Data for this exercise section start

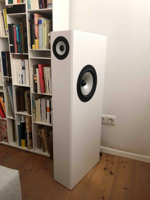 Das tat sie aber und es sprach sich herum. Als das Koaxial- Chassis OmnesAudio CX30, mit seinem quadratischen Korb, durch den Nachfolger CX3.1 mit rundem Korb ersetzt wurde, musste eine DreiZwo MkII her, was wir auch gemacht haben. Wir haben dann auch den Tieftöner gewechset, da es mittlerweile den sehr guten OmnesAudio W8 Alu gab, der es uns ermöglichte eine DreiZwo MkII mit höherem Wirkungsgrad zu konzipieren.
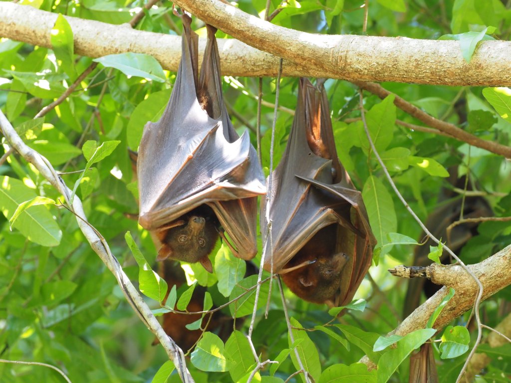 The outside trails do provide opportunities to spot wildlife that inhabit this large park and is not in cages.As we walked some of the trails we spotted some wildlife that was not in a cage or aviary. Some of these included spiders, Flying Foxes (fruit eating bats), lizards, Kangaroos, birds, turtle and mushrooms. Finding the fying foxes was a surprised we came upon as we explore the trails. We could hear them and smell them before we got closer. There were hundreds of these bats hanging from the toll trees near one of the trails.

Data for this exercise section end
Data for this exercise section start

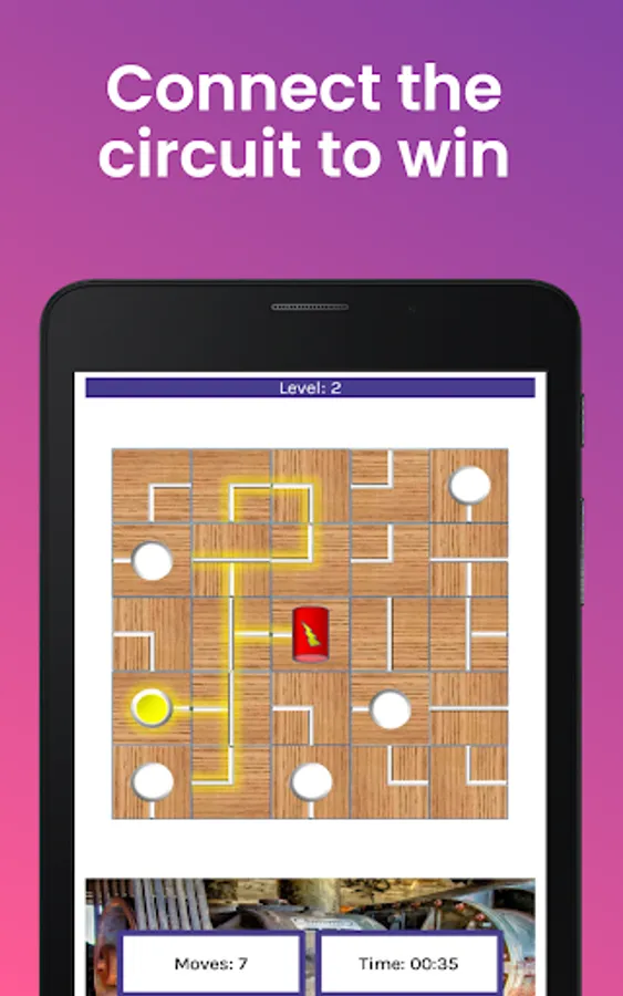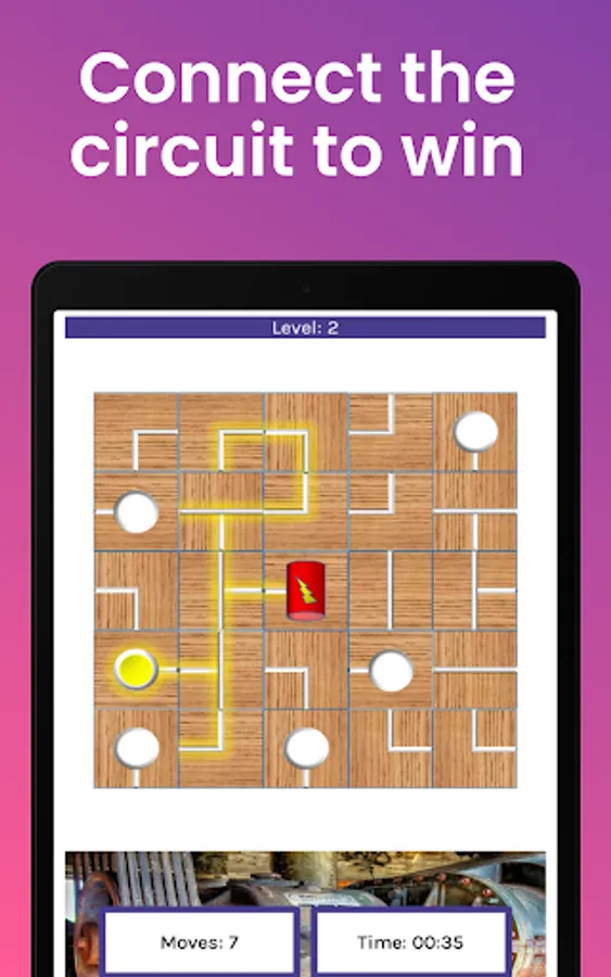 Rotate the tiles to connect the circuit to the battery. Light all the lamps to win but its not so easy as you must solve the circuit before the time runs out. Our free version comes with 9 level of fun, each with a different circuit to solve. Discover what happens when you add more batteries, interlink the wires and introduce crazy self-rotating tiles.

Data for this exercise section end

Task brief
Set the pictures aside and reproduce exactly the lines above, from the line holding "Das tat sie" through the line holding "The outside trails", both included, with nothing else.

Answer for this exercise
 Das tat sie aber und es sprach sich herum. Als das Koaxial- Chassis OmnesAudio CX30, mit seinem quadratischen Korb, durch den Nachfolger CX3.1 mit rundem Korb ersetzt wurde, musste eine DreiZwo MkII her, was wir auch gemacht haben. Wir haben dann auch den Tieftöner gewechset, da es mittlerweile den sehr guten OmnesAudio W8 Alu gab, der es uns ermöglichte eine DreiZwo MkII mit höherem Wirkungsgrad zu konzipieren.
 The outside trails do provide opportunities to spot wildlife that inhabit this large park and is not in cages.As we walked some of the trails we spotted some wildlife that was not in a cage or aviary. Some of these included spiders, Flying Foxes (fruit eating bats), lizards, Kangaroos, birds, turtle and mushrooms. Finding the fying foxes was a surprised we came upon as we explore the trails. We could hear them and smell them before we got closer. There were hundreds of these bats hanging from the toll trees near one of the trails.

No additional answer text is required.